■ TRY IT ■
Could you transcribe every record below exactly as written, leaving out any pictures?

Collection entries

—————

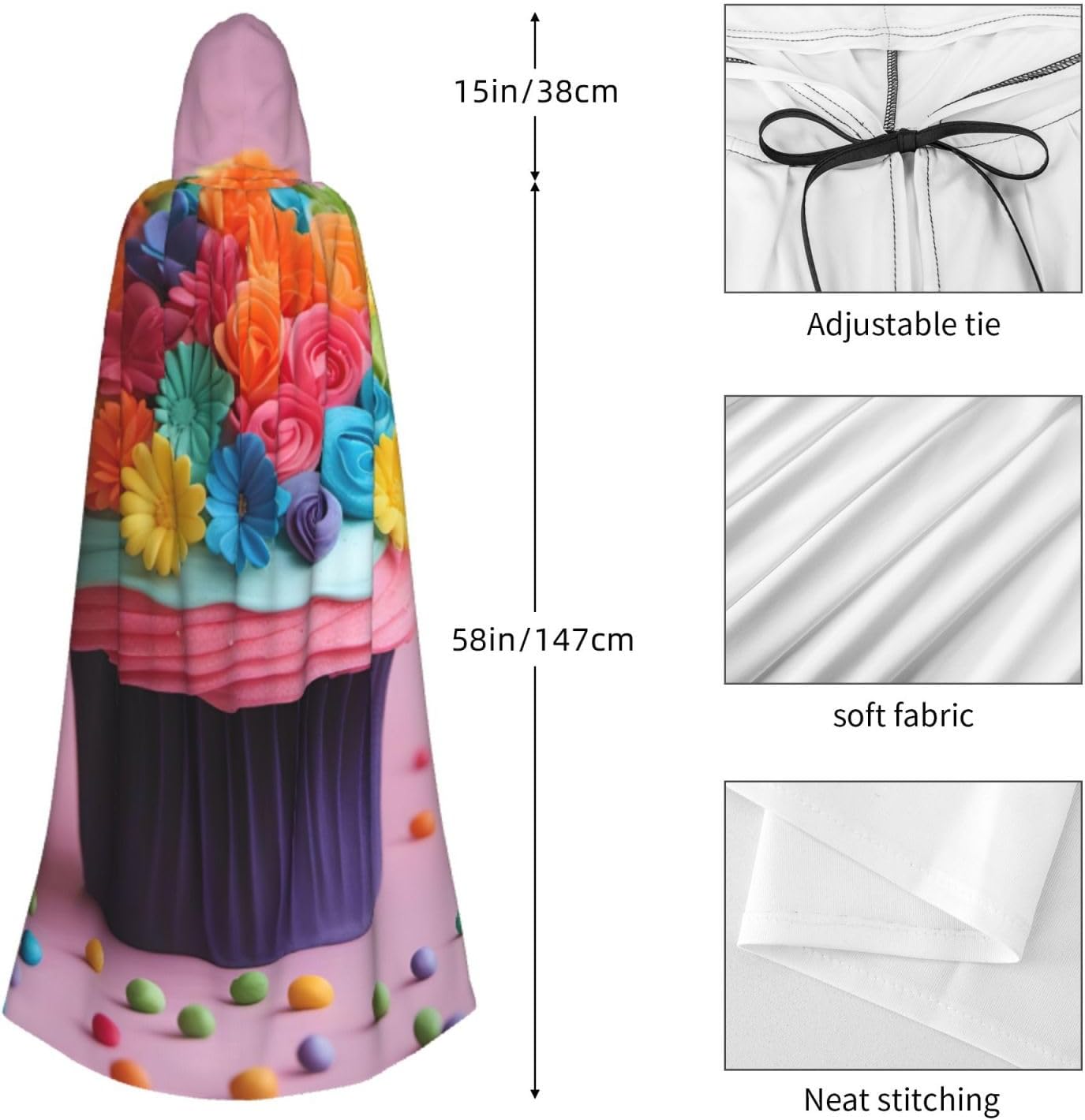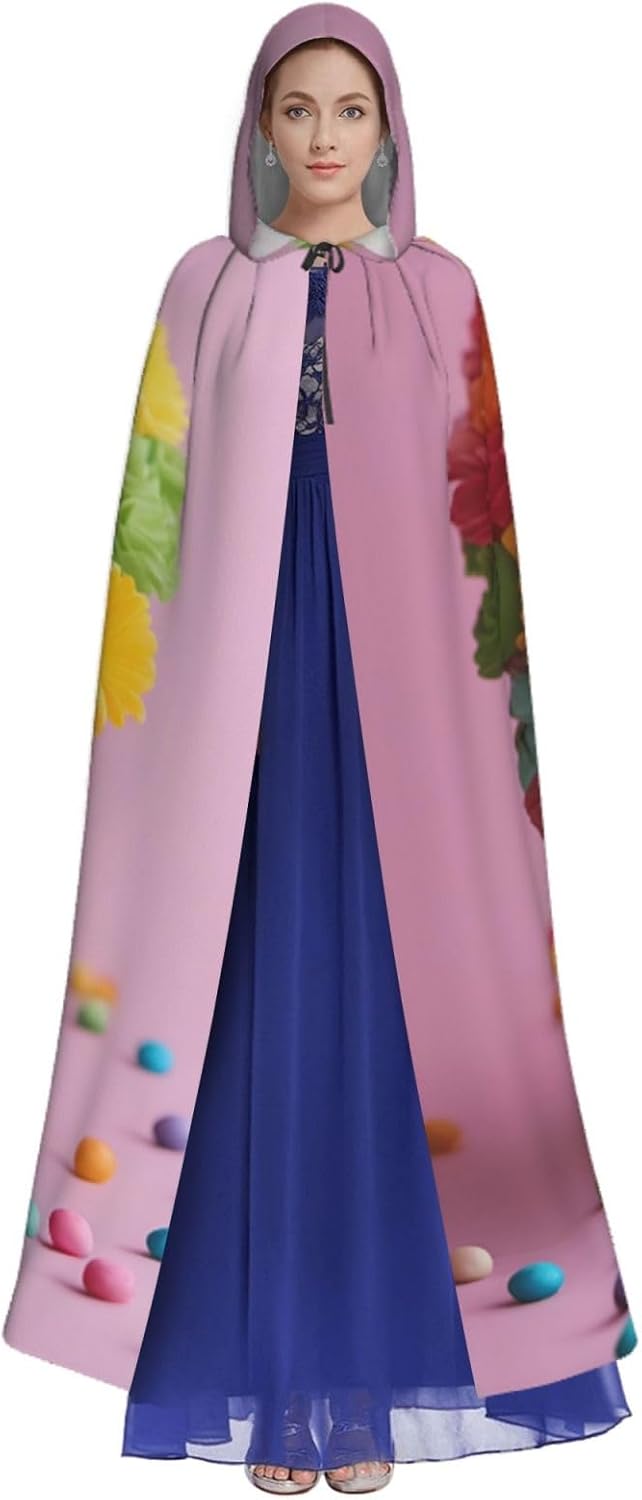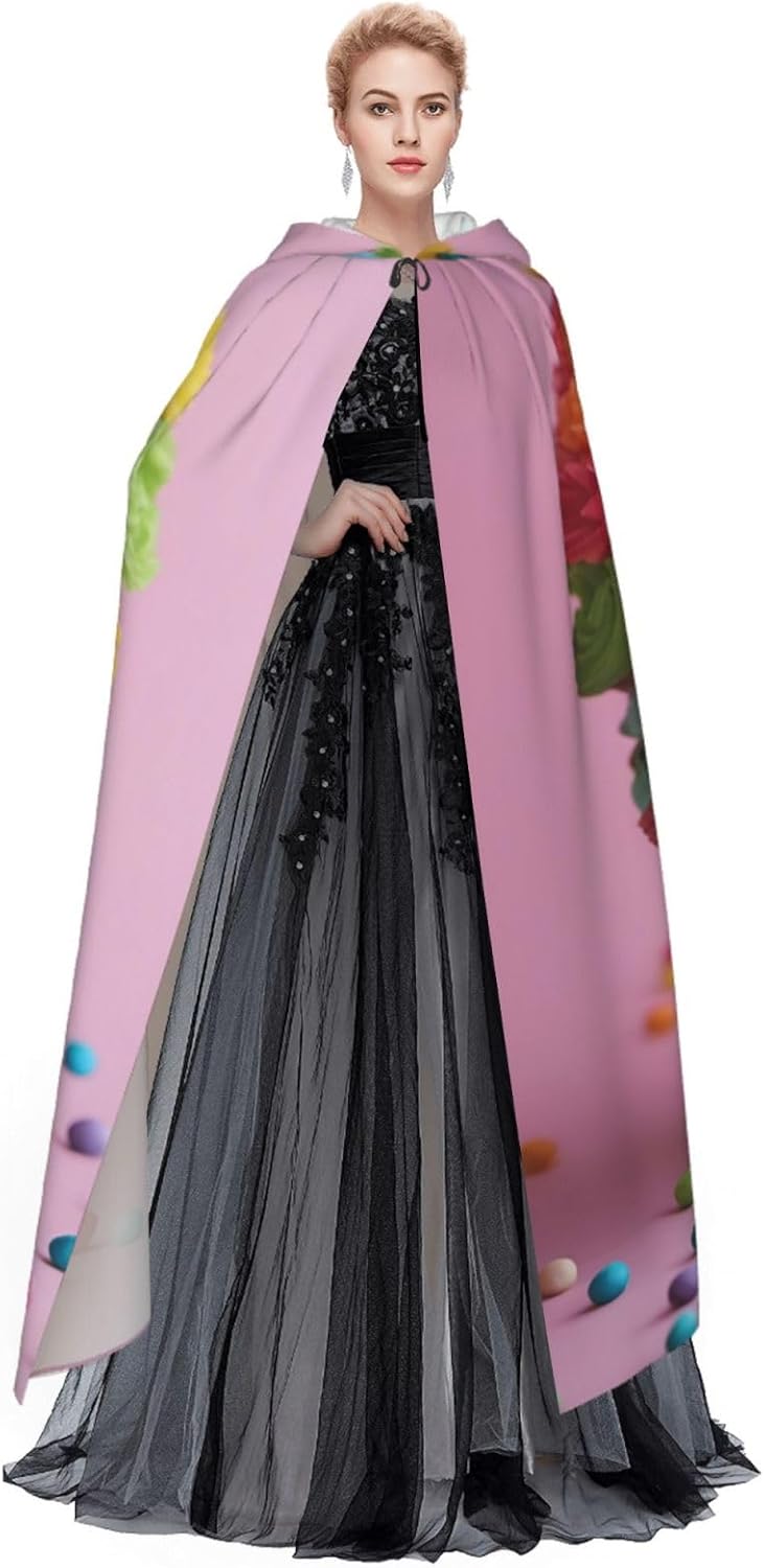 Mantello con cappuccio colorato Cupcakes arcobaleno con stampa di torta floreale con cappuccio un accattivante mantello con cappuccio per adulti per cosplay e Halloween
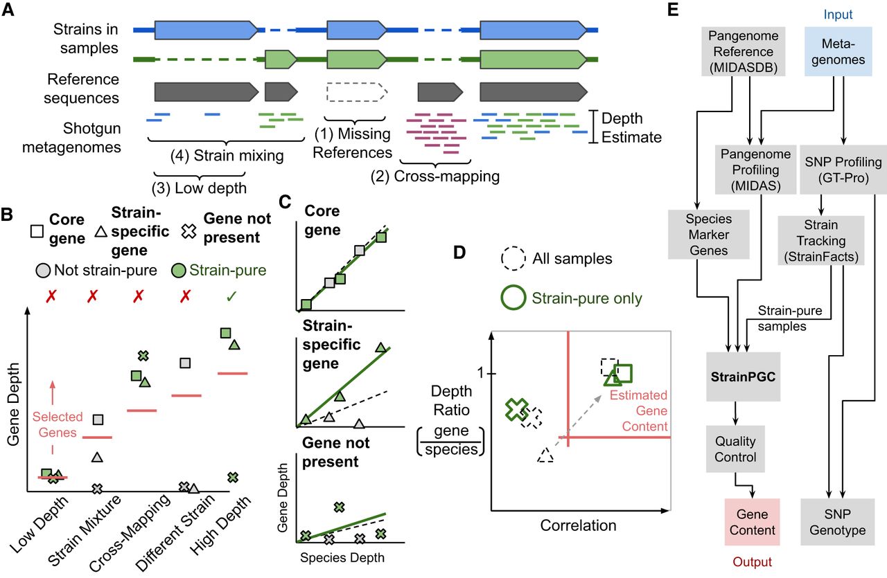 Conceptual overview of strain-resolved gene content reconstruction using StrainPGC. (A) Schematic representation of pangenome profiling, which estimates gene depth based on short-read alignment. The illustration represents profiling of a hypothetical microbial population harboring two strains of the same species (blue and green), each with both shared and strain-specific gene content. Four key challenges for pangenome profiling and gene content estimation are highlighted (brackets; see Introduction). (B) Limitations of gene content estimation using single samples. Depth is shown across five samples for three genes: one gene is ubiquitous across strains (core); another is found in only the strain of interest (strain-specific); and a third is not present in the strain of interest but is susceptible to cross-mapping (not present). Samples are separated along the x-axis and represent five characteristic scenarios: a sample in which the species is not deeply sequenced (low depth), a sample with multiple strains of the species (strain mixture), a sample exhibiting erroneous depth owing to read mapping errors (cross-mapping), a sample with an entirely different strain of the species (different strain), and a high-depth, strain-pure sample (high depth). Colors distinguish between strain-pure samples (green markers) and samples with a different strain or a mixture of more than one strain (gray markers). Traditional, single-sample analysis estimates gene content by selecting genes with a minimum depth (red horizontal line; which is chosen based on the species’ depth). As a result, samples with low depth, cross-mapping, and strain mixing lead to decreased accuracy (indicated with red X's). Only gene content estimation in a strain-pure, high-depth sample without cross-mapping (green checkmark) accurately reflects the strain of interest. (C) Relationship between gene depth and species depth for each of the three genes (panels) across the five samples (marker shape and color as in B). For each, the linear relationship is shown between species depth and gene depth in the set of strain-pure samples (solid green line). We contrast this fit with the linear relationship across all five samples without considering strain variation (dashed line). (D) Schematic depiction of how StrainPGC estimates gene content based on both correlation and depth ratio. The red lines indicate the thresholds of depth ratio and correlation used by StrainPGC to select genes. With all samples combined (dashed markers), the not-present gene is correctly excluded owing to low correlation; the core gene is correctly included, but the strain-specific gene is lost because of its low depth ratio and correlation. Analyzing the strain-pure set separately moves the strain-specific gene into the selection region (dashed arrow), increasing accuracy. (E) Schematic depiction of our integrated workflow to infer gene content across strains using only shotgun metagenomic reads as input.
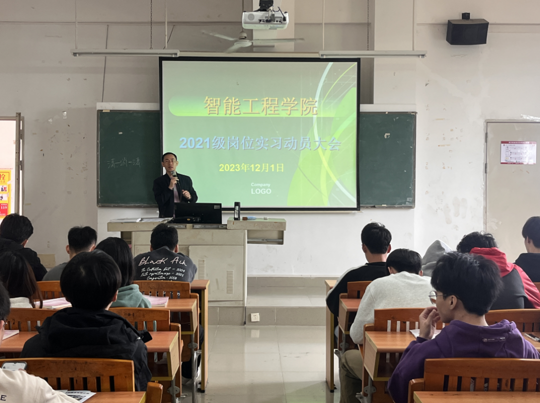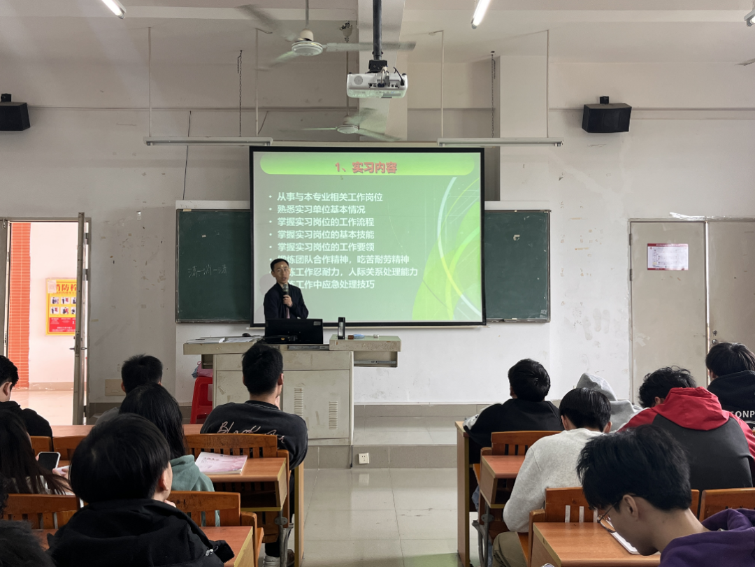 为进一步推进我院实习工作的有序开展,做好我院毕业生岗位实习工作,加强实习指导及实习工作的有序推进落实,提升我院学子对岗位实习工作重要性的认识。我院于2023年12月1日中午12:10起,分别在博A207、A307、A407、A507、B201、B301六个教室分三大专业群召开了毕业生岗位实习动员大会。智能工程学院李名亮副院长、实习专员林詹滨老师、戴乐毅老师、各实习指导老师、毕业班辅导员以及2021级全体学生参加了本次动员大会。
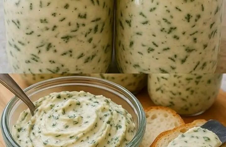 Questo non è un semplice condimento: è poesia spalmabile. Immaginate l’aglio che cuoce lentamente in forno diventando dolce come il miele, la freschezza pungente del prezzemolo e dell’erba cipollina, e la morbidezza di un burro montato a neve che si scioglie su una fetta di pane caldo e croccante. 🥖🔥
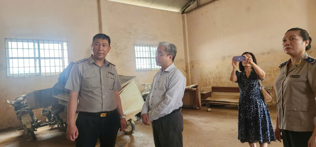 Đồng chí Nguyễn Quang Thái, Phó Bí thư chuyên trách Đảng ủy Bộ Tư pháp và Phó Cục trưởng Cục Quản lý THADS Trần Thị Phương Hoa kiểm tra thiệt hại kho vật chứng THADS tỉnh Thái Nguyên.
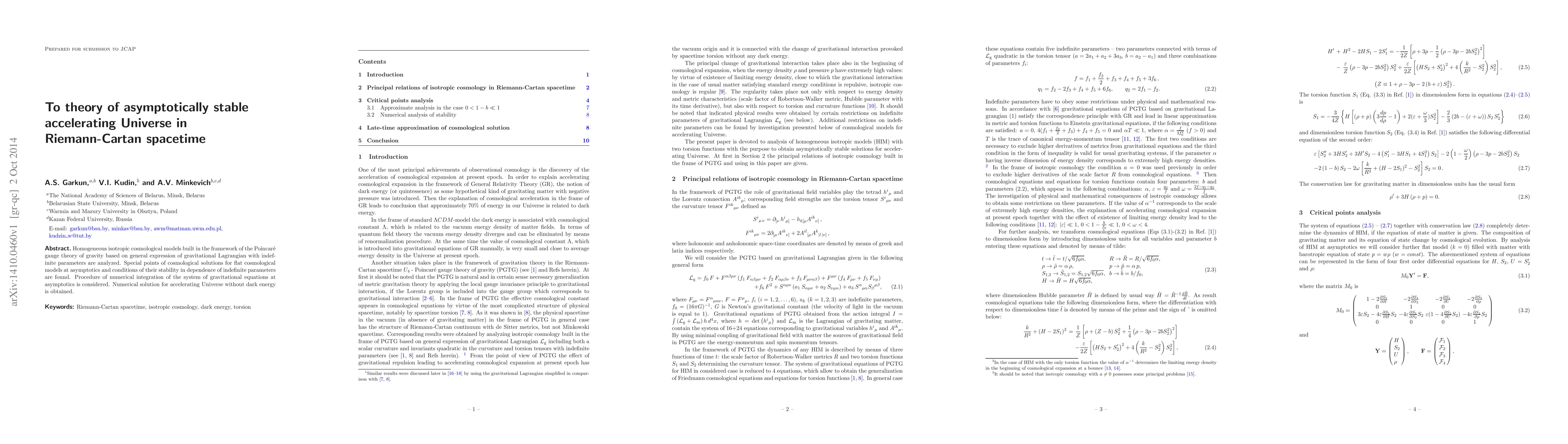 Researchers explored a theory of an asymptotically stable accelerating Universe in Riemann-Cartan spacetime, finding numerical solutions for flat cosmological models without dark energy.
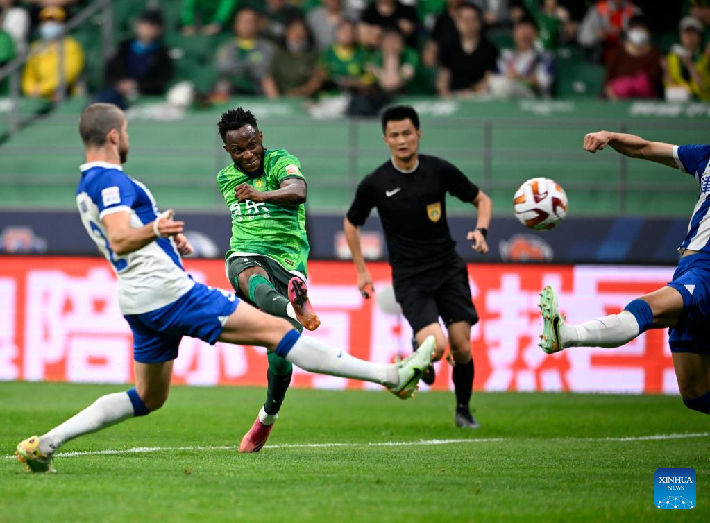 Samuel Adegbenro (2nd L) of Beijing Guoan shoots during a 2023 season Chinese Football Association Super League (CSL) 6th round match between Beijing Guoan and Tianjin Jinmen Tigers at the Worker's Stadium in Beijing, capital of China, May 10, 2023. (Xinhua/Song Yanhua)
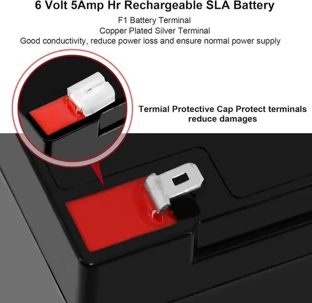 Complete ProtectionOur 6 volt 5 amp battery can be fully discharged and has stable performance. With Absorbed Glass Mat (AGM) Technology and Wide Temperature Range, and ABS Plastic Case provides strong resistance to shock, vibration and heat. And SLA / AGM spill proof battery has a characteristic of high discharge rate, wide operating temperatures, long service life and deep discharge recover
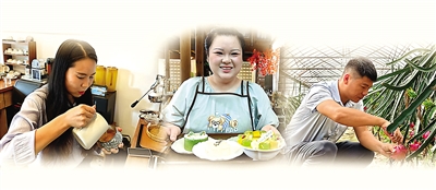 梁香玲端出剛出爐的甜品 徐志玲給顧客沖泡咖啡 田榮在大棚里采摘火龍果

—————

■ ANSWER TO THE PROBLEM ■
 Mantello con cappuccio colorato Cupcakes arcobaleno con stampa di torta floreale con cappuccio un accattivante mantello con cappuccio per adulti per cosplay e Halloween
 Conceptual overview of strain-resolved gene content reconstruction using StrainPGC. (A) Schematic representation of pangenome profiling, which estimates gene depth based on short-read alignment. The illustration represents profiling of a hypothetical microbial population harboring two strains of the same species (blue and green), each with both shared and strain-specific gene content. Four key challenges for pangenome profiling and gene content estimation are highlighted (brackets; see Introduction). (B) Limitations of gene content estimation using single samples. Depth is shown across five samples for three genes: one gene is ubiquitous across strains (core); another is found in only the strain of interest (strain-specific); and a third is not present in the strain of interest but is susceptible to cross-mapping (not present). Samples are separated along the x-axis and represent five characteristic scenarios: a sample in which the species is not deeply sequenced (low depth), a sample with multiple strains of the species (strain mixture), a sample exhibiting erroneous depth owing to read mapping errors (cross-mapping), a sample with an entirely different strain of the species (different strain), and a high-depth, strain-pure sample (high depth). Colors distinguish between strain-pure samples (green markers) and samples with a different strain or a mixture of more than one strain (gray markers). Traditional, single-sample analysis estimates gene content by selecting genes with a minimum depth (red horizontal line; which is chosen based on the species’ depth). As a result, samples with low depth, cross-mapping, and strain mixing lead to decreased accuracy (indicated with red X's). Only gene content estimation in a strain-pure, high-depth sample without cross-mapping (green checkmark) accurately reflects the strain of interest. (C) Relationship between gene depth and species depth for each of the three genes (panels) across the five samples (marker shape and color as in B). For each, the linear relationship is shown between species depth and gene depth in the set of strain-pure samples (solid green line). We contrast this fit with the linear relationship across all five samples without considering strain variation (dashed line). (D) Schematic depiction of how StrainPGC estimates gene content based on both correlation and depth ratio. The red lines indicate the thresholds of depth ratio and correlation used by StrainPGC to select genes. With all samples combined (dashed markers), the not-present gene is correctly excluded owing to low correlation; the core gene is correctly included, but the strain-specific gene is lost because of its low depth ratio and correlation. Analyzing the strain-pure set separately moves the strain-specific gene into the selection region (dashed arrow), increasing accuracy. (E) Schematic depiction of our integrated workflow to infer gene content across strains using only shotgun metagenomic reads as input.
 为进一步推进我院实习工作的有序开展,做好我院毕业生岗位实习工作,加强实习指导及实习工作的有序推进落实,提升我院学子对岗位实习工作重要性的认识。我院于2023年12月1日中午12:10起,分别在博A207、A307、A407、A507、B201、B301六个教室分三大专业群召开了毕业生岗位实习动员大会。智能工程学院李名亮副院长、实习专员林詹滨老师、戴乐毅老师、各实习指导老师、毕业班辅导员以及2021级全体学生参加了本次动员大会。
 Questo non è un semplice condimento: è poesia spalmabile. Immaginate l’aglio che cuoce lentamente in forno diventando dolce come il miele, la freschezza pungente del prezzemolo e dell’erba cipollina, e la morbidezza di un burro montato a neve che si scioglie su una fetta di pane caldo e croccante. 🥖🔥
 Đồng chí Nguyễn Quang Thái, Phó Bí thư chuyên trách Đảng ủy Bộ Tư pháp và Phó Cục trưởng Cục Quản lý THADS Trần Thị Phương Hoa kiểm tra thiệt hại kho vật chứng THADS tỉnh Thái Nguyên.
 Researchers explored a theory of an asymptotically stable accelerating Universe in Riemann-Cartan spacetime, finding numerical solutions for flat cosmological models without dark energy.
 Samuel Adegbenro (2nd L) of Beijing Guoan shoots during a 2023 season Chinese Football Association Super League (CSL) 6th round match between Beijing Guoan and Tianjin Jinmen Tigers at the Worker's Stadium in Beijing, capital of China, May 10, 2023. (Xinhua/Song Yanhua)
 Complete ProtectionOur 6 volt 5 amp battery can be fully discharged and has stable performance. With Absorbed Glass Mat (AGM) Technology and Wide Temperature Range, and ABS Plastic Case provides strong resistance to shock, vibration and heat. And SLA / AGM spill proof battery has a characteristic of high discharge rate, wide operating temperatures, long service life and deep discharge recover
 梁香玲端出剛出爐的甜品 徐志玲給顧客沖泡咖啡 田榮在大棚里采摘火龍果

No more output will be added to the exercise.